In a previous subchronic inhalation study (Conaway et al., 1984), rats inhaled morpholine at concentrations of 0, 25, 100, and 250 ppm. None of the animals died or were sacrificed in extremis during the study. No treatment-related trends or findings were apparent in either sex for haematology, clinical chemistry and gross pathology. Exposure to morpholine at 250 ppm for 13 weeks confirmed the result, seen at week 7, of focal erosion of the maxillary turbinates accompanied by the presence of necrotic cell debris and focal squamous metaplasia. Lesions were then noted involving the nasal septum and anterior nasal cavities. Lesions of chronic murine pneumonia were also increased in severity in rats of the high-level group. A maximum tolerated dose (MTD) of 150 ppm was established on the basis of the nasal irritation.

Repeated dose toxicity: dermal

No studies are available for morpholinium tuluene-4 -sulphonate.

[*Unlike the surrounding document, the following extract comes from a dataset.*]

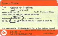 The report noted that although "passengers [were] comfortable with the familiar format" of the 30-year-old design, it had significant disadvantages.[8] Passengers wanted the most important data—station names, ticket descriptions, permitted routes, time restrictions and validity information—presented more clearly, in larger print, without jargon and with as little abbreviation as possible. In particular, there was a desire for Advance tickets (cheap tickets valid only on a specific train) to show their restrictions and accompanying reservation details more clearly on the same ticket rather than on a separate reservation coupon.[6][9] The report stated that although the Department for Transport's long-term intention was for printed tickets to be replaced with smart cards,[6][10] the rail industry would soon launch a "cleaner, fresher and updated" ticket design which was intended to address some of these suggestions.[11]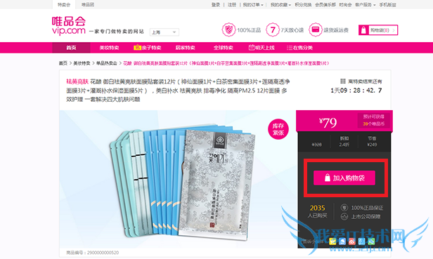 价格、标签,以及“加入购物袋”按钮都使用了鲜亮的玫红色;“购物袋”相较于“购物车”也更加生活化。

Since reliable oral and inhalative toxicity data are available for the dissociation products morpholine and toluene-4-sulphonic acid and it´s salts, no additional repeated dose study for the dermal route is required. Nevertheless one study was performed with morpholine.

Shea (1939) assessed the dermal toxicity and skin absorption of morpholine in one investigation using rabbits. Unneutralized, diluted morpholine (1 part morpholine, 2 parts water) was applied at a daily dose of 900 mg/kg bw to the clipped skin. All rabbits (7/7) died before the eleventh dose. Necrosis of the treated skin, and inflammation and congestion of the underlying organs were evident upon gross examination due to corrosivity of the test substance. Microscopic lesions of the liver and effects on kidneys and spleen were observed. No assessment of systemic effects is possible.

Justification for classification or non-classification

Based on the current weight-of-evidence, Morpholinium toluene-4-sulphonate is not subject to classification according to Directive 67/548/EEC (DSD) and Regulation (EC) No 1272/2008 (GHS/CLP).